「学生時代は運動習慣があったけれど、社会人になってからはほとんどカラダを動かしていない」

そんな人は多いのではないでしょうか?

かくいう筆者も、27歳のときに贅沢病を発症しジムに通い出すまでは、通勤以外でカラダを動かしていませんでした。

なので、当時のカラダは愛らしいキューピー体型だったと記憶しています。

 

筋肉は20代をピークに年々減少…

残酷なことに、(特に何も対策をしなければ)わたしたちの筋肉は20代をピークに、40歳以降は年1%ずつ減少していくと言われています。

でも、生活習慣を少し変えることで、その老い(筋肉減少)は防ぐことができます。

なんなら、若くなくても、筋肉量をUPさせ、健康的かつ魅力的なスタイルを手に入れることだってできるんです。

その習慣とは、「タンパク質摂取」「運動(筋トレ)です。

それぞれ説明します。

 

タンパク質摂取

筋肉の材料になるタンパク質を積極的に摂りましょう。

特に偏った食事や過度なダイエットをしている人は「タンパク質が不足しがち」なので要注意。

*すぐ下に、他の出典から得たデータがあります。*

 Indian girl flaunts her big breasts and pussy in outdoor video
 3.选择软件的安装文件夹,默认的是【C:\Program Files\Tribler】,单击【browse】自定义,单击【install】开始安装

筋肉以外にも、髪や皮膚、血液、カラダの機能を調整するホルモンの材料になるなど、タンパク質を積極的に摂ることが心身の健康に繋がります。

摂取目安料としては、 

・普通の人:体重×1g

・ハードな筋トレ・運動習慣のある人:体重×1.5g〜2g

 でいいでしょう。

※ 厳密には年齢や性別、活動量によって異なります。

私は週5〜6回筋トレをしているので、「体重×1.8g」摂るようにしています。

上記目安を、毎食均等に摂って達成するのが理想的です。

例)1日60gの場合:1食20gを3回

 

運動(筋トレ)

タンパク質摂取量の増加だけでは、筋肉量の低下に抗うことはできても、積極的な増量を期待することはできません。

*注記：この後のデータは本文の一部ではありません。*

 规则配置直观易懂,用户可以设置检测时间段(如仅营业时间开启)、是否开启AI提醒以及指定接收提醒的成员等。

運動と聞くとウォーキングやランニングなどの有酸素運動をイメージしがちですが、「筋肉維持・増量」という点では、筋トレ(無酸素運動)一択です。

自宅でもジムでもいいので、少しずつ負荷を増やしていくような意識を持ちましょう。できる範囲で大丈夫です。継続できることが大事。

負荷を増やす方法としては、①重量を上げる、②回数を増やす、③フォームを丁寧にする、などありますが、初心者の人は①②がおすすめ。

例)前回スクワット10回できたなら、次は11回を目指す。

コペンハーゲン大学が2015年に行った研究によると、

 

「運動不足(足をまったく動かせない状態)が2週間続くだけで、若者は筋力の3分の1、高齢者は4分の1を失う」

「元の筋肉量が多い人ほど運動不足の影響は大きい」

「失った筋肉を取り戻すには、運度不足だった時間の3倍以上の時間が必要」


ということが明らかになっています。

少々極端な環境下ではあるものの、「筋肉は得るは難く、失うは易し」であることがわかると思います。

したがって、普段から筋トレを行い、筋肉量UPを心がけましょう。

 

高タンパク食品を上手く活用すれば習慣化しやすい

いかがでしたか?

現時点で、筋肉量の減少にブレーキをかける薬や治療法はありません。

私たちにできることは、普段の生活で「十分なタンパク質摂取」と「筋トレ」を組み合わせることのみ。

慣れるまでは大変かもしれませんが、続けることで確実にあなたのカラダは強く、健康になっていきます。

「十分なタンパク質摂取」については、プロテインや高タンパク食品など、手軽にタンパク質を摂れるアイテムもたくさんあるので、ぜひ有効活用してみてください!